The airport’s position also highlights the gap between legal rollout and day-to-day airport operations. On paper, the EES is a digitization project designed to replace passport stamps with digital biometric records for non-EU nationals across the Schengen Area.
In practice, the transition has depended on whether airports, border police and technical systems can absorb the extra steps without slowing traffic to a standstill. At Brussels, the airport’s own figures suggest the answer remains unsettled less than two weeks before April 10, 2026.
The European Council’s decision to permit a 6-month phase-in without biometrics initially was meant to ease that transition. Yet Brussels Airport’s latest account indicates that delays have remained pronounced even under that more gradual model.
That has sharpened the airport’s argument that a stricter timetable should be matched with more operational flexibility. Its call for testing before the summer peaks reflects a concern that an unadjusted rollout could repeat or worsen the problems already seen during the phased introduction.
The airport also tied its concerns to staffing levels on the government side. Chronic understaffing of federal police at border posts has remained part of the problem despite ministerial efforts, leaving fewer personnel to handle a process that now requires more manual intervention for some travelers.
Resuming e-gate access for select third-country nationals, in the airport’s view, would help relieve part of that pressure at both arrivals and departures when feasible. Full staffing of all border posts would address another part. A more measured operational rollout before peak season would address the rest.

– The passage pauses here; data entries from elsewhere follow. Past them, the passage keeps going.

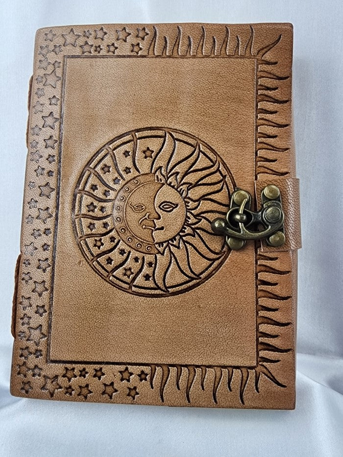 This beautiful Journal has the inlay of the Sun and Moon (Celestial)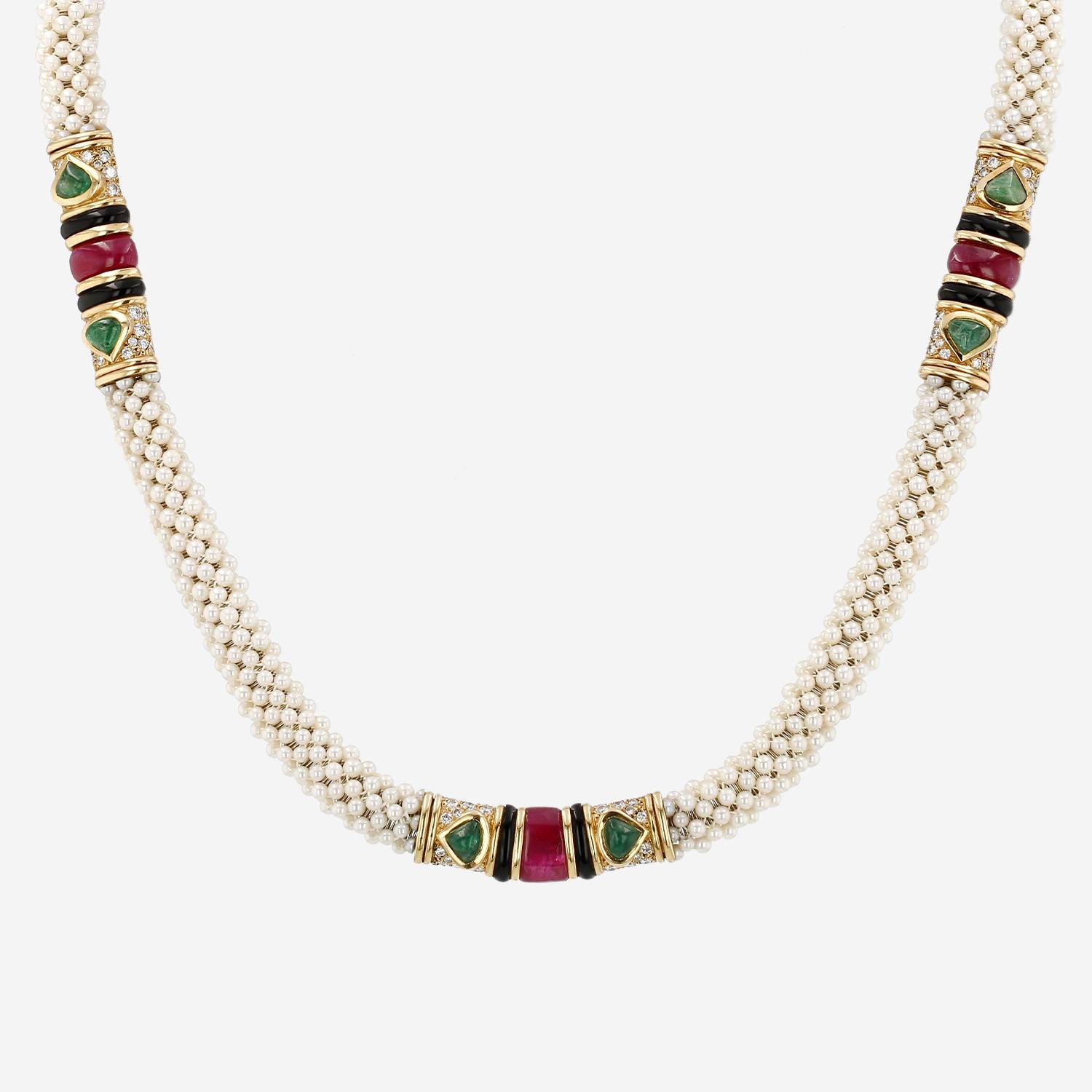 Marina B 1980's necklace in yellow gold, cultured pearls, onyx, rubies, emeralds and diamonds Collector Square Referenz: 42 95 32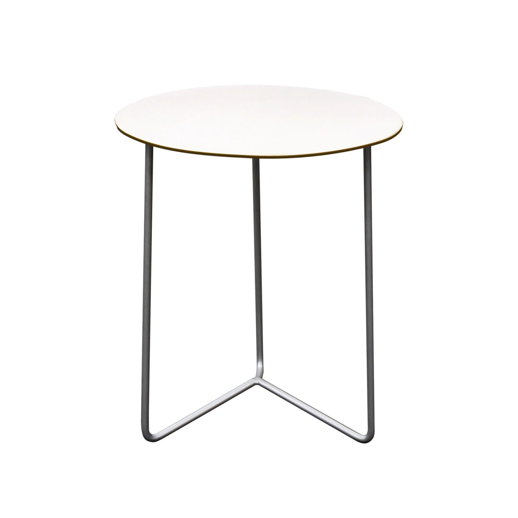 Nisse Strinnings stolklassiker har även ett tillhörande mindre runt bord. Gjord i massivt stål med skiva av tåligt kompaktlaminat som klarar alla väderlekar. Bordet har avtagbara ben.

The stakes extend beyond one airport because Brussels sits inside a Schengen-wide system that is moving toward full participation by non-EU travelers. On April 10, 2026, 100% of non-EU travelers must register across the Schengen Area under the timetable cited by the airport.
ETIAS pre-authorization is due later, making EES the first stage in a broader change to how the bloc tracks short-term arrivals from outside the EU. For now, though, Brussels Airport’s warning is focused on a simpler question: whether border systems can process passengers fast enough once the rules tighten again.
Its March 30 message leaves little doubt about the scale of the strain already visible at Brussels Airport. With 600 missed flights over four days, total delays of 21 hours, and queues stretching to more than 3 hours for some arriving non-EU passengers, the airport is asking Belgium and the European Commission to slow the pace of the Entry/Exit System rollout before the summer crowds test it even harder.